## Records shown
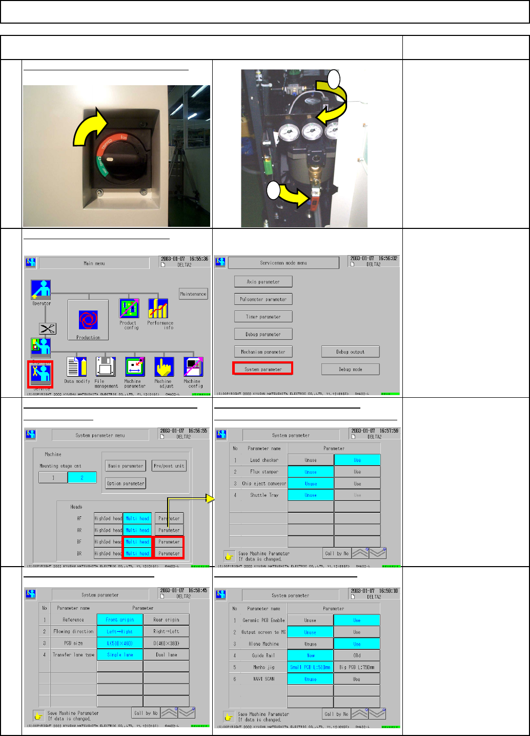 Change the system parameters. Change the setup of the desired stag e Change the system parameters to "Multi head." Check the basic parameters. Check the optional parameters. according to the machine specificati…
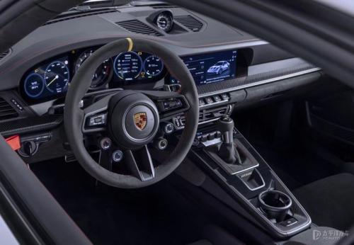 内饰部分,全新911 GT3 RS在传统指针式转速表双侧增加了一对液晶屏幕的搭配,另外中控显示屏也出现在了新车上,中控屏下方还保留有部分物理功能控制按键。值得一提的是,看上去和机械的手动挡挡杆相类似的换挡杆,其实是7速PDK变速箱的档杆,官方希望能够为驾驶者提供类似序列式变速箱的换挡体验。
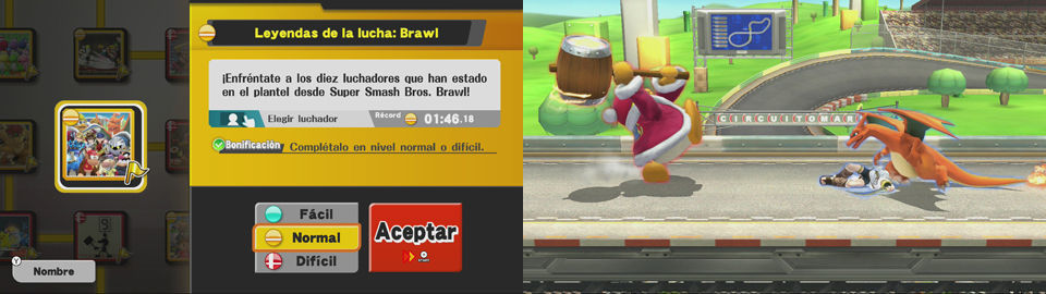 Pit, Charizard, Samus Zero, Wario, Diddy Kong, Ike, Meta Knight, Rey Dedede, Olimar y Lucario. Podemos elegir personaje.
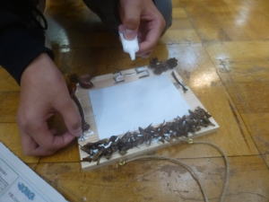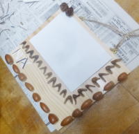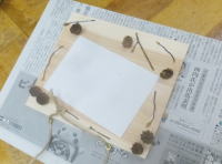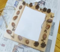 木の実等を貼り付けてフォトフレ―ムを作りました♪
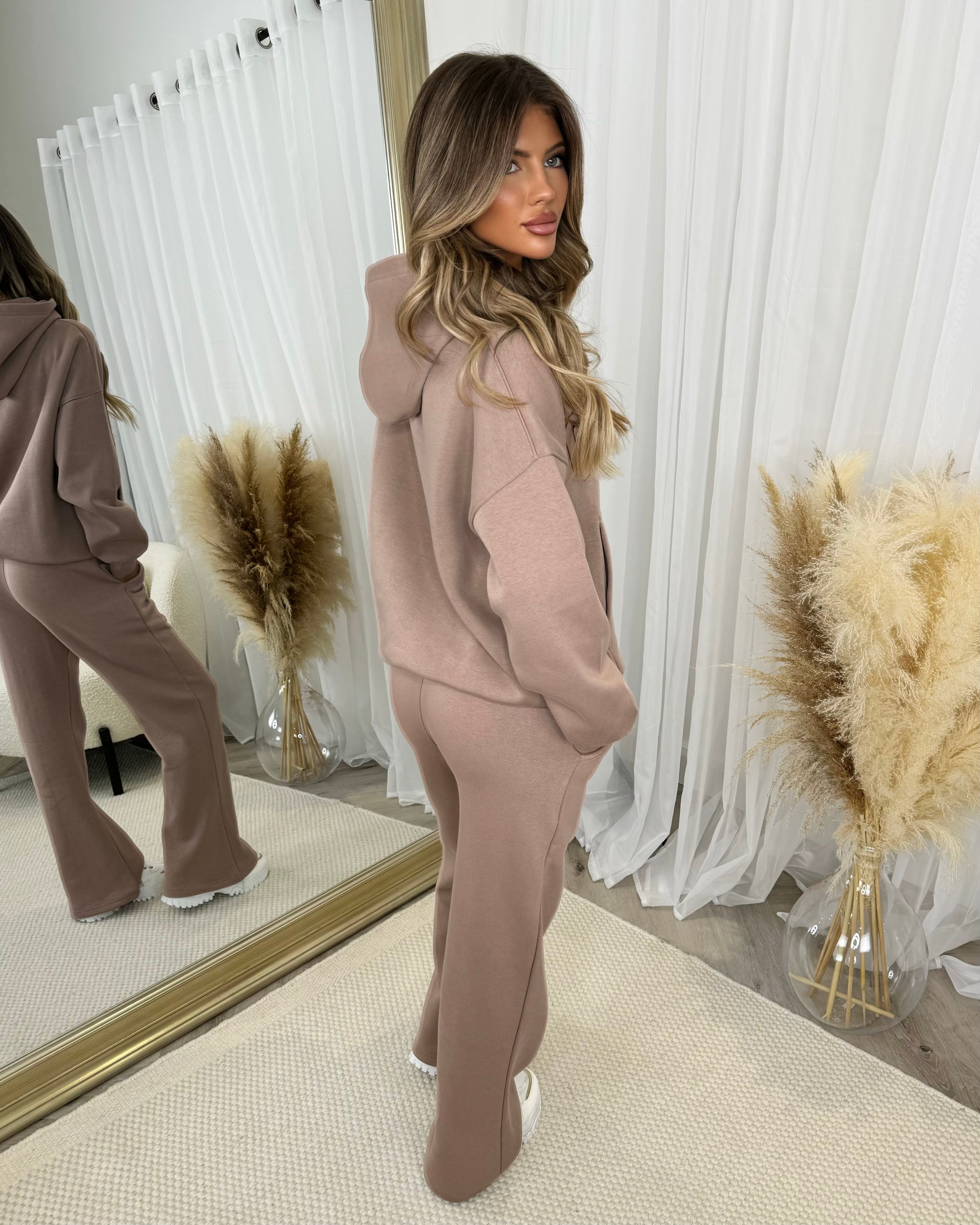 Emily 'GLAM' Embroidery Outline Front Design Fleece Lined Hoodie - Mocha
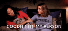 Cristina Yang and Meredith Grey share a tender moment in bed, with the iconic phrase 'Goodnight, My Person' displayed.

## Work order
While leaving pictures out, reproduce exactly the lines from the beginning of the listing above through the line containing "Emily 'GLAM' Embroidery", both ends included.

## Completed exercise
 Change the system parameters. Change the setup of the desired stag e Change the system parameters to "Multi head." Check the basic parameters. Check the optional parameters. according to the machine specificati…
 内饰部分,全新911 GT3 RS在传统指针式转速表双侧增加了一对液晶屏幕的搭配,另外中控显示屏也出现在了新车上,中控屏下方还保留有部分物理功能控制按键。值得一提的是,看上去和机械的手动挡挡杆相类似的换挡杆,其实是7速PDK变速箱的档杆,官方希望能够为驾驶者提供类似序列式变速箱的换挡体验。
 Pit, Charizard, Samus Zero, Wario, Diddy Kong, Ike, Meta Knight, Rey Dedede, Olimar y Lucario. Podemos elegir personaje.
 木の実等を貼り付けてフォトフレ―ムを作りました♪
 Emily 'GLAM' Embroidery Outline Front Design Fleece Lined Hoodie - Mocha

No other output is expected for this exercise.